After Runt's encounter with the wolf ghost, Stinky makes the comment that he's "as pale as a coyote". However, Runt's coloring is exactly the same as it is throughout the entire movie.
The ghost wolf haunts Shadow Forest from Daria's childhood to when she's a young adult. Tony is portrayed as being a pup himself when he first encounters the wolf ghost, but as old as he is in the rest of the franchise, the only opportunity he could have had to see the ghost would be when he's an adult.
Daria is chased from Shadow Forest to Rabbit Poo Mountain to Shadow Forest again in what appears to be a few seconds, when it originally took them a day or two to reach Rabbit Poo Mountain from Shadow Forest when their journey began.
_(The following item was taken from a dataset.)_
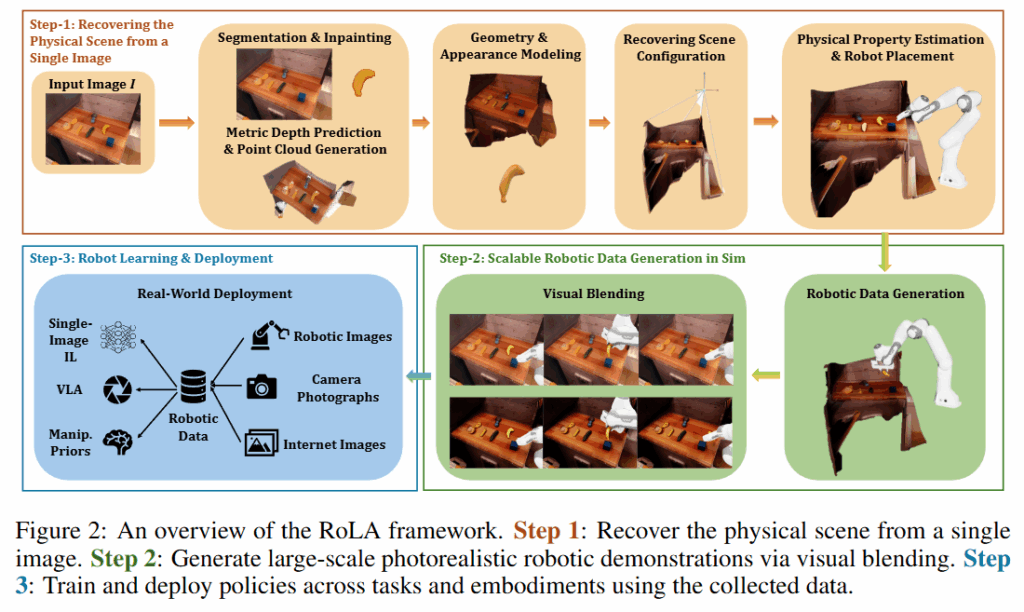 이러한 틀을 가지고 저자들은 특별한 하드웨어나 추가 정보 없이도 아무 이미지나 로봇 학습에 활용가능한 시뮬레이션 환경으로 변환하는 RoLA를 제안했습니다. RoLA(Robot Learning from Any Images)는 입력 이미지로부터 물리적으로 상호작용 가능한 scene을 자동으로 복원한 뒤, 그 안에서 photorealistic한 visuomotor policy를 위한 데이터를 대량 생성하여 정책 학습에 활용하는 end to end 파이프라인입니다. 해당 프레임워크는 큰 틀에서는 전형적인 real to sim to real 방법을 따라갑니다. 먼저 단일 이미지에서 객체와 배경의 3D 기하를 추정하고, 물리 속성까지 고려한 장면을 복원하여 시뮬레이션 asset으로 변환 후 카메라의 포즈를 추정하고, 로봇을 배치합니다. 이후에는 복원된 scene을 시뮬레이터에 불러와 다양한 로봇 task에 대한 대규모 시뮬레이션 데이터를 수집합니다. 마지막으로는 시뮬레이터에서 얻은 영상들을 현실 배경과 합성하는 visual blending 기법으로 로봇 데모 영상을 만들고, 이를 사용해 정책을 학습시킨 뒤 실세계 로봇에 이식해줍니다. 이 모든 과정이 사람의 개입 없이 완전 자동화되어 있으며, 어떠한 이미지라도 입력으로 받아들일 수 있는 범용성을 가지는 것이 장점이라고 합니다. 이러한 단일 자동화된 이미지 기반의 범용적인 파이프라인을 통해 저자들은 방대한 수의 인터넷 이미지를 로봇 학습에 활용하는 길을 열고 scalable robot learning에 힘쓰려는 것으로 보입니다.

Shadow Forest is described as being "teeming with life", but the only animals we see in the forest are a squirrel, three porcupines, and another wolf.
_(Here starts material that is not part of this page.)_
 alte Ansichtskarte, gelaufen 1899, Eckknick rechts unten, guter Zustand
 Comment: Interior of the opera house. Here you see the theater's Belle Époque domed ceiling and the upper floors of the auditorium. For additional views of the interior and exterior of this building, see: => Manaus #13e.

Marcel claims he's trying to catch a field mouse, but mice are not part of a goose diet, it consists of small insects, fish, and vegetation. Owls normally hunt on mice not geese.
Kate reminisces to Humphrey about how their pups are growing up so fast, but they haven't aged whatsoever over the course of three movies.
The pups from both the alpha school and omega school are more or less the same age, but Tony looks significantly older than his fellow alphas.
When the wolves are exploring Shadow Forest and come to Saw Tooth Cave, Runt says "It looks like someone's home", but his mouth barely moves.
The name 'Sawtooth Cave' is used in this movie only because Sawtooth National Park was referenced in the first movie.
Rabbit Poo Mountain doesn't exist. It was only a joke that Lily made up in the first Alpha & Omega.
The ghost wolf kills/teleports that Mr. King wolf at the end, but there's no explanation of why it never tried to do that with anyone else it encountered.
Lily is a paranormal investigator and a weather girl when nothing in the previous movies indicates that she would be interested in visiting haunted forests, or that she would know anything about how to interpret the weather.